The lesson from running this stack on 20+ sites is that the report is downstream of the instrumentation, and the instrumentation has to be defined before the rebuild ships. Sites that come to us with an SEO retainer but no instrumentation get an instrumentation pass in month one before the first real report is delivered. The first report is always month two.

Closing

The mid-market SEO report a CMO will actually read is six pages, six metrics, six paragraphs of commentary, and one decision. Anything more is the agency defending itself. Anything less is the agency hiding from the CFO audit.

If your current SEO report is more than ten pages, it is the wrong report. If it does not end with a decision the CMO has to approve, deny, or revise, it is the wrong report. If it counts sessions, bounce rate, average position, or domain authority, it is the wrong report.

We run this framework on every retainer client we ship, including the Insight Sales Consulting rebuild and the Raydon Accounting engagement that is producing the first full case study with attributable demo requests later this quarter. Both clients see the same six metrics. Both have made budget reallocations off the report in the last quarter. Neither has cut the retainer.

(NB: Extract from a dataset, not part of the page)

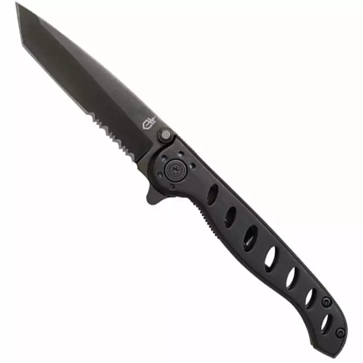A knife that fits in between the EVO and the EVO Jr., the EVO Mid sports a tactically styled Tanto blade and low-rise pocket clip. Its partially serrated blade is made with surgical grade stainless steel and is treated for strength and corrosion resistance. It has a liner lock mechanism for one-handed closing and a finger flip for easy opening. The Mid is a tactically designed, lightweight, everyday carrier.
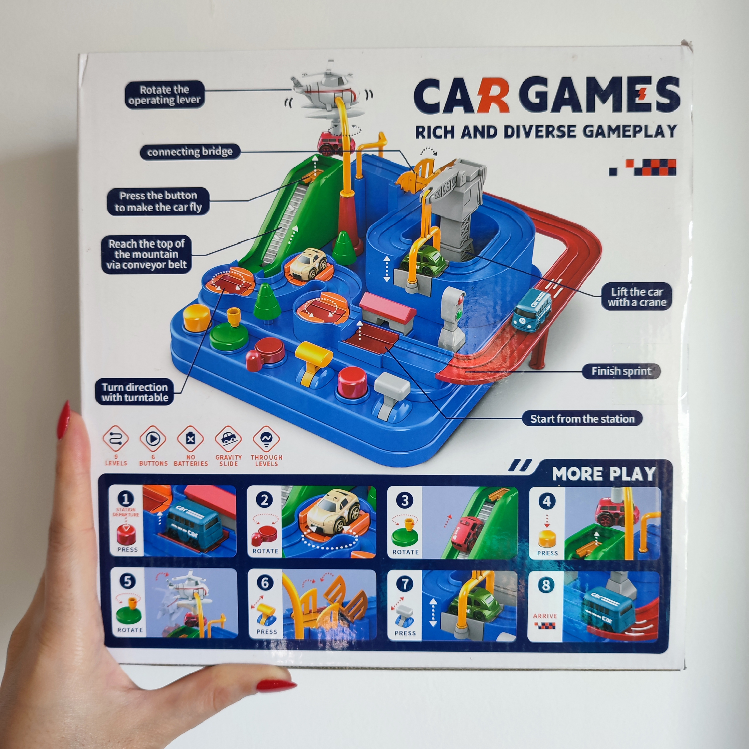 اسباب بازی پارکینگ مکانیزه ماشین، دو عدد ماشین همراه خود دارد و سایز ساخته شده اش ۲۶ در ۲۶ سانتیمتر است که یک بازی عالی برای هدیه دادن محسوب می شود.

If your agency cannot produce this report on your site, it is not a reporting tool problem. It is a methodology problem. The methodology is in this post. Fork it, run it on your own site, and ask your agency the next month why their version is 40 pages longer.

RJ

Frequently asked

What is the right cadence for a mid-market B2B SEO report?
One full report per month, one Slack note per week, one retro per quarter. The monthly report is the artifact a CMO defends to the CEO. The weekly Slack note is a three-line operating update. The quarterly retro is where the strategy shifts. Anything more frequent than weekly is noise.
Why drop sessions and bounce rate from the report?
Sessions reward indexing junk and bot traffic. Bounce rate has been deprecated in GA4 in favor of engagement rate, and even engagement rate does not correlate with revenue at mid-market scale. The CMO needs metrics that map to pipeline. Sessions and bounce rate do not.
How do you measure LLM citations as an SEO metric?
Run a fixed prompt set against ChatGPT, Perplexity, Claude, and Gemini once a week. Count the runs that cite your domain. Track the citation share across the panel month over month. The number is rough but directionally correct, and no other shop is showing it yet.
Is Search Console enough on its own?
No. Search Console is the source of truth for impressions, clicks, and indexable URL count. It does not tell you what those clicks did on the site, it does not track LLM citations, and its backlink view is incomplete. Pair it with PostHog for behavior and Ahrefs or SEMrush for link data.
What single decision should the CMO make from this report each month?
One allocation decision. More to content production, more to technical fixes, more to digital PR, or hold. The report exists to make that one call. If the data does not point to a call, the report is failing.
How long should the monthly report be?
Six pages. Cover, six metrics on one page each, commentary, the decision. A CMO will read six pages. A CMO will not read sixty. The discipline of cutting to six pages is what makes the report usable.
Should agency reports include rankings for branded keywords?
No. Branded keywords always rank. Including them inflates the win column. The top-10 ranking count metric in this framework counts non-branded commercial-intent keywords only. Branded performance belongs in a separate brand-tracking report owned by marketing, not SEO.